03-14-2016 10:29 AM
03-14-2016 11:12 AM - edited 03-14-2016 11:13 AM
The two example Proc Freq output tables you show have VERY different frequencies. To the point I'm not sure that the second is what you meant. Since you don't show any raw input and it looks like the code you did use likely varied from what you posted it is a bit hard to determine
If you want to specify a sample size you'd save yourself a lot of work by swithching to proc survey select and a strata variable. Then you could specify either a sample size or sample rate for each stratum (your Qual_flag variable it looks like).
proc surveyselect data=have out=want
sampsize=(1950 1950 1950 1950 1950) /* one value for each strata or level of the strata variable
if you have additiona strata you are not interested in subset the data with the
where clause data set option on the input data (have)*/
seed = 1234 /* seed is similar to use in ranuni to repeat sequence*/
one advantage: you'll get actual probability of selection and a sample weight variable is needed.
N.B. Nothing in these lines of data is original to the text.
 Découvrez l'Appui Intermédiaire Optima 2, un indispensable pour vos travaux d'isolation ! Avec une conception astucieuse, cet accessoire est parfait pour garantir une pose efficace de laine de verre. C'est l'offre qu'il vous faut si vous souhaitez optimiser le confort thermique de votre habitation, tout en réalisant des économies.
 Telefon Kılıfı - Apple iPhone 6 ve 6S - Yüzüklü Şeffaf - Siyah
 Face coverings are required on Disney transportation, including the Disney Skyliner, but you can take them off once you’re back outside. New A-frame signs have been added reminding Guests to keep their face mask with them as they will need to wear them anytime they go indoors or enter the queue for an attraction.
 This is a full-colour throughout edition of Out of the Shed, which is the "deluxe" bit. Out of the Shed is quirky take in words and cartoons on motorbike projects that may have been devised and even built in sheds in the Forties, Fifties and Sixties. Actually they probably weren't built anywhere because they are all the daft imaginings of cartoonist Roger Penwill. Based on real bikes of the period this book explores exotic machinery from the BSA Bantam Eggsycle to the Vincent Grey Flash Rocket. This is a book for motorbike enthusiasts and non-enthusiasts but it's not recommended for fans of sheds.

If there are at least the number of records needed in each strata that is how many you will get in the output. The Have data set needs to be sorted by the strata variable.
03-16-2016 03:34 PM
I agree with @ballardw that using PROC SURVEYSELECT is more convenient for selecting random samples.
Still, I would like to encourage you to review the results produced by this procedure (or any other software for that matter) in the same way as you did with your data step approach. (I recently came across a seemingly surprising result of PROC SURVEYSELECT, but haven't investigated the cause yet.)
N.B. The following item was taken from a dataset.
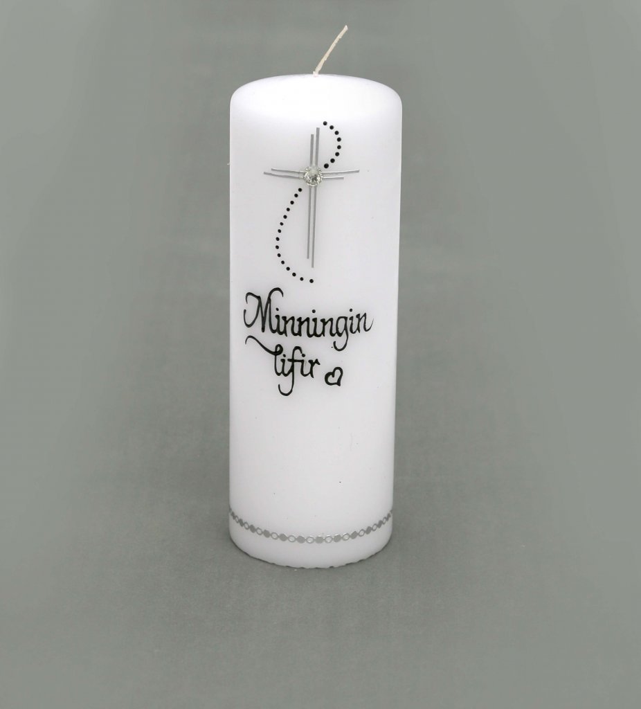 Hvítt samúðarkerti með textanum ,,Minningin lifir“ áletrað á kertið.

Sometimes it's a procedure option that you forgot to specify correctly, in rare cases it may even be a bug that distorts the results. (In 2001 I reported a bug in the CDF function of SAS 6.12 TS050 which led to grossly incorrect results for certain arguments.)
As to your question, I'm not aware of a change between SAS versions 9.1 and 9.4 which could explain what you describe. Moreover, the results in your final PROC FREQ output seem plausible to me.
You are surprised that the frequencies (for the first four categories; the fifth frequency necessarily equals 1917) are not closer to the expected value 1950? This would mean that you suspect that one or more of the selection probabilities are different from 1950/13183, 1950/11362, 1950/4506 and 1950/3980, respectively, right?
So, let's perform exact two-sided binomial tests for the four selections (which I think can be regarded as independent), including an adjustment for multiple testing:
data have; input c $ t sel; cards; C71_80 13183 1937 C81_90 11362 1885 C91_95 4506 1968 C96_10 3980 1905 ; data test; set have; s=1; n=sel; output; s=0; n=t-sel; output; p0=1950/t; call execute(cats('proc freq data=test; where c="', c, '"; weight n;', 'exact binomial; tables s / binomial(level="1" p=', p0, '); output out=stats',_n_, '(keep=xp2_bin) binomial; run;')); run; data stats; set stats1-stats4 nobs=k; p_adj=1-(1-xp2_bin)**k; /* Šidák adjusted p-value */ proc print; run;
Obs XP2_BIN p_adj 1 0.76109 0.99674 2 0.10757 0.36570 3 0.59843 0.97400 4 0.15820 0.49784
The adjusted p-values (and even the unadjusted ones) are all >0.05, so there is no evidence that the null hypotheses are not true.